Seven from Seven: Tech You Can Control With Your Mind, And The UK’s First Para-Astronaut

2nd December 2022

Each week, we scour the worlds of innovation, tech for good and social impact to bring you seven of our top stories…

  1. Researchers at the University of Malaga have used new technology that helps deaf people to ‘listen’ to music through touch. Specifically, they’ve developed an algorithm which converts monophonic music into tangible stimuli, transmitted through a device worn around the wrist. The prototype is connected to a computer, but an advanced portable version that could be used at concerts is the next phase of this ground-breaking technology.
  2. Finnish technology group Wärtsilä has joined forces with Hycamite TCD Technologies, to develop clean hydrogen technology. The two are working together to enable cost-effective production of hydrogen from liquefied natural gas on board marine vessels. The concept will enable the production of hydrogen onboard, meaning a reduction in the vessel’s overall carbon dioxide and methane slip emissions. This is another encouraging step forward in developing renewable energy for transportation.
  3. Alberta researchers have unveiled Think2Switch, a headset that reads brain signals and sends them to switch-enabled home devices. These devices are controlled by computers, allowing people with motor impairments to use devices without moving a muscle. This new piece of technology will help drastically improve the lives of people with motor impairments.
  4. Research undertaken by drugmakers Biogen and Eisai has found the first drug to have slowed the destruction of the brain caused by Alzheimer’s disease. The breakthrough has shown that a new era of treating Alzheimer’s, the most common form of dementia, is here. One of the world’s leading dementia researchers, Prof John Hardy, said this discovery was ‘historic’ and was optimistic that we’re now seeing the beginning of new, revolutionary Alzheimer’s therapies.
  5. British former Paralympian John McGall will become the world’s first disabled astronaut after being selected by the European Space Agency (ESA) to join its training programme. McFall, who won a bronze medal in the 2008 Beijing Paralympics, will take part in the space training corps as a ‘para-astronaut’. McGall said he felt compelled to help the ESA understand how someone with a physical disability could do meaningful work in space.
  6. The Fraunhofer Application Center for Optical Metrology has developed prototypes designed to ensure added safety during day-to-day activities at warehouses.

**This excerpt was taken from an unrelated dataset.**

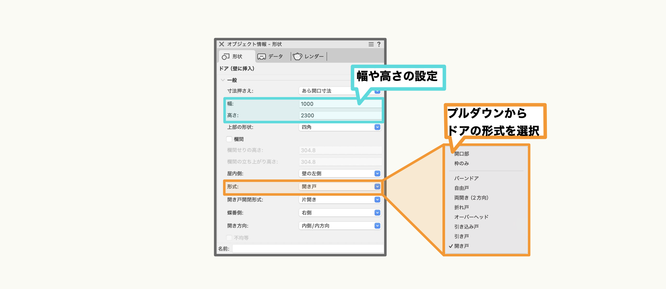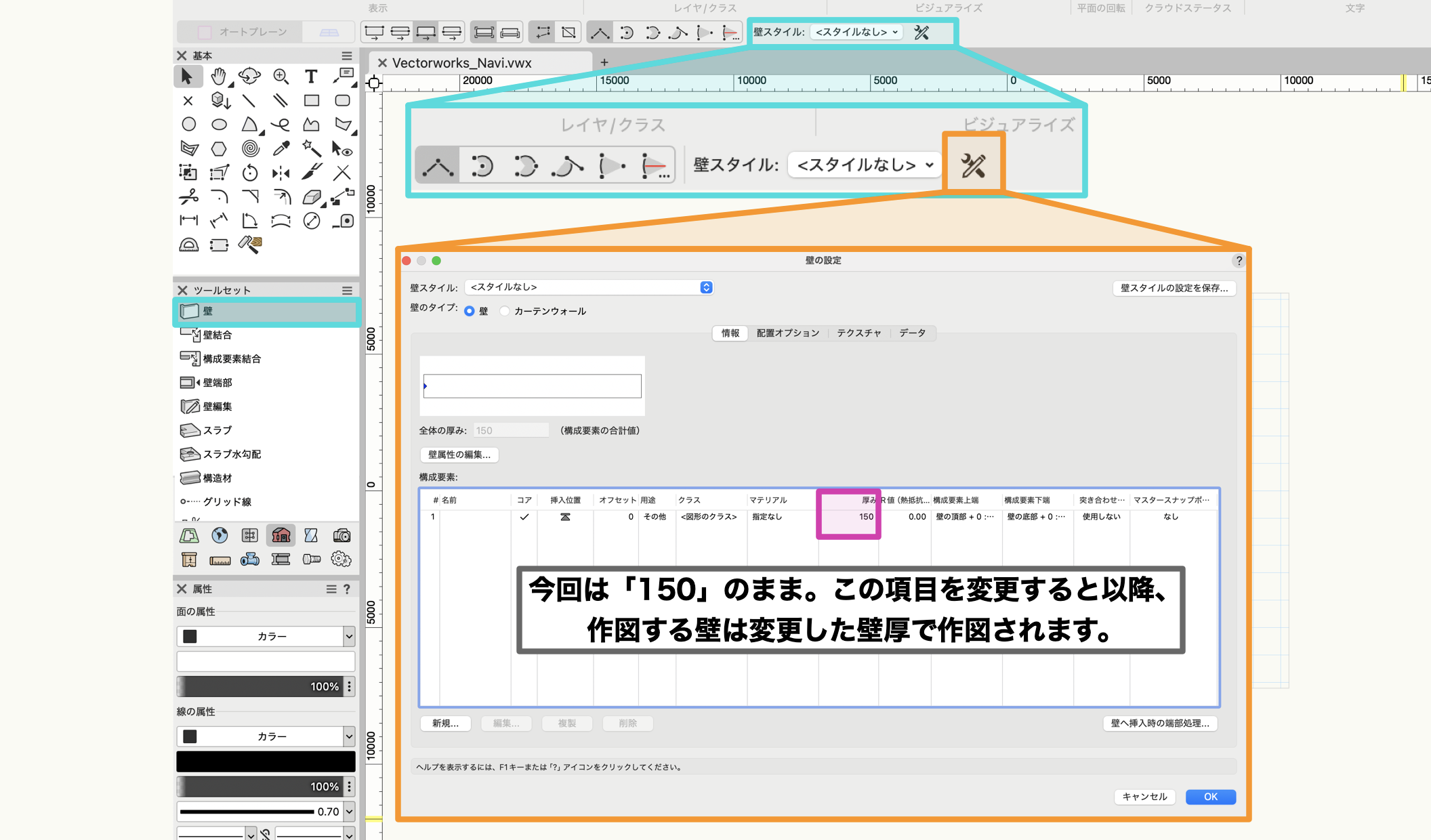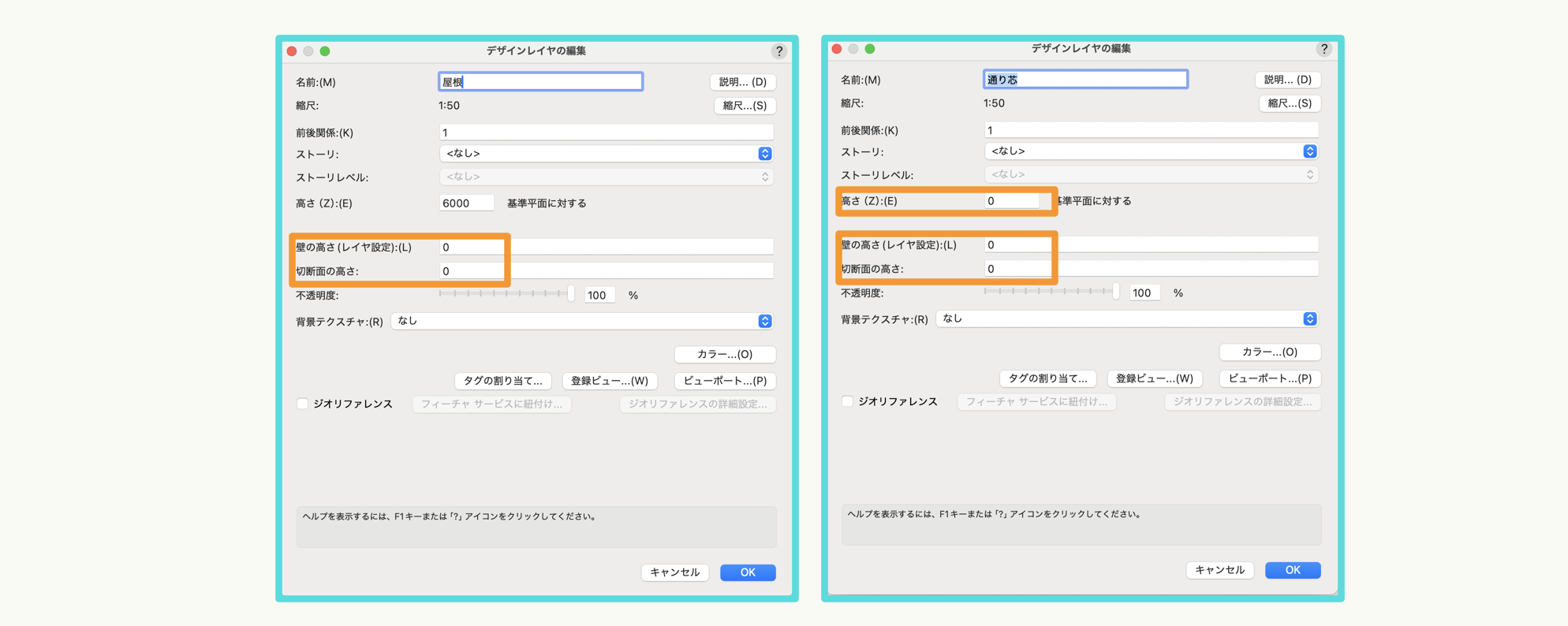また、「高さ」「壁の高さ」「切断面の高さ」にも数値が入っています。これもVectorworksが自動的に先に作成したレイヤの情報を参照して、1Fレイヤの壁の高さの上に来るようにレイヤの高さを設定してくれるためです。

Optical sensors on industrial trucks will provide warehouse staff with better protection as they do their jobs. As warehouses are home to heavy volumes of traffic, accidents become an inevitability even with several safety measures in place. These new optical sensors will pay closer attention to the movements of individual vehicles, ensuring better safety for the workers, and greater efficiency for the loads being moved.
  7. The European Commission is launching a platform to strengthen its value chains for clean energy. Clean Tech Europe platform aims to advance the key industries that will deliver Europe’s clean and digital transitions. The platform will help develop industries that champion clean energy, which is beneficial for the 27-nation bloc’s sustainability ambitions.